Synthesis 2: patients are aware of the importance of medication adherence, but it is difficult to achieve
Patients are aware of the importance of adherence and of developing routines for taking medications. However, doing so requires substantial effort due to practical issues, regimen changes, and skipping, altering or forgetting doses, which may occur when patients assign different priorities to medications. Health professionals and patients’ social networks can facilitate medication adherence. Some of the challenges to maintaining medication routines are illustrated by Krska and colleagues31 :
Although all participants had developed routines for using medicines, which had become automatic or ‘second nature’ – ‘you think nothing of it’ – interviews revealed the extent of the physical and organisational effort required by some patients in using medicines. … The impact of changes in daily routine sometimes resulted in medicines not being used.
Synthesis 3: decision-making about medications is complex
Generally, patients want to take fewer medications. A multitude of factors affect patients’ decision-making about medications, but physical function and the preference for a stable regimen are central. The desire for a stable regimen can even impact patients’ willingness to discuss deprescribing. The following quotation from a participant in the study by Linsky and colleagues32 illustrates the importance to patients of a stable regimen:
Oh, let’s give it a time frame and find out how it goes. I’m not going to quit it completely because I already seen where my blood pressure was up there and sometimes I felt weird because I didn’t even know what it was, and it was the high blood pressure. But if they are going to do something like that, well, if you want to do it on a trial basis and monitor me, fine, but right now it’s got everything working fine. I’m not going to fool with something that’s working good.

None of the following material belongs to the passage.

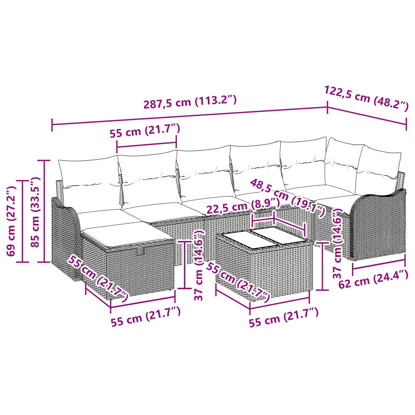 Proměň svou zahradu nebo terasu na moderní venkovní prostor s tímto hezkým zahradním pohovkovým setem. Navržený pro venkovní dobrodružství, tento set spojuje minimalismus s funkčností, ideální pro lenošení, zábavu nebo odpočinek. Jeho jednoduché linie a moderní poly ratan mu dodávají příjemnou atmosféru. Představ si, jak si užíváš hezké počasí v měkkých sedadlech a s pohodlnými opěrkami, což z něj dělá nezbytný doplněk pro jakýkoli venkovní prostor.

Synthesis 4: multiple relational factors affect communication between patients and physicians, and these factors can prevent patients from disclosing important information
Multiple factors in relationships between patients and healthcare professionals, such as unequal power relations, trust or lack thereof, problems in interacting with providers or in receiving care, and conflicting advice, affect communication and increase the risk that patients will not disclose important information about their medication regimens. Continuity of care is important. Making changes to regimens without consulting prescribers beforehand is expressed in the following interpretation by Elliot and colleagues28 :
Experimenting with regimens ranged from stopping a medicine altogether; taking regular breaks; discontinuing medicines to check if they are working, or to determine the cause of side effects, trying individual medicines in a complex new regimen; and reducing doses. One patient reported stopping taking their antihypertensives to increase symptoms before a consultation. Prescribers were often not consulted before interviewees changed regimens.
Synthesis 5: polypharmacy affects patients’ lives and self-perception, and challenges with polypharmacy are not limited to practical issues
The burden of polypharmacy does not arise solely from logistical challenges of organising medications and routines. Polypharmacy affects the self-perception of patients, can be seen by patients as embarrassing, and causes adverse effects that can have grave implications for patients’ lives and affect their attitudes towards medications. The effect of taking multiple medications on patients’ self-perception is illustrated by Vandermause and colleagues39 :
Participants did not want to fall into the category of ‘taking multiple medicines.’ Many rejected this descriptor, though they fit the criterion of taking five or more medicines. No matter what their medicines, they did not want to be seen as medication users. The desire to be viewed outside this designation was commonly strong. It was not uncommon to hear stories of confusion and dejection when participants described medicine side effects or compatibility problems, barriers to getting their prescriptions filled, and cost factors that were worrisome. All of these impediments affected their sense of who they were as persons. Their bodies were failing them, unless they could find a way to manage the problems they encountered.
Based on the five syntheses, we proposed the following implications for practice:
Healthcare professionals should actively solicit individual patients’ perspectives on challenges related to polypharmacy (syntheses 1–5).
Healthcare professionals should consider upscaling their communicative efforts to better inform and involve polypharmacy patients on their medications to an extent that reflects their needs (syntheses 1–5).
Healthcare professionals should consider supporting patients with polypharmacy, preferably by involving patients’ social network, by coordinating and ensuring continuity of care, as well as to facilitate dealing with practical and psychological issues with taking many medications (syntheses 2, 4 and 5).
In addition, we propose the following recommendations for strengthening research in medication-related experiences of multimorbid patients with polypharmacy:
Studies of the different medication information needs of patients with polypharmacy should be conducted (synthesis 1).
Interventions promoting continuity of care should be evaluated qualitatively to assess patients’ perspectives on polypharmacy (synthesis 4).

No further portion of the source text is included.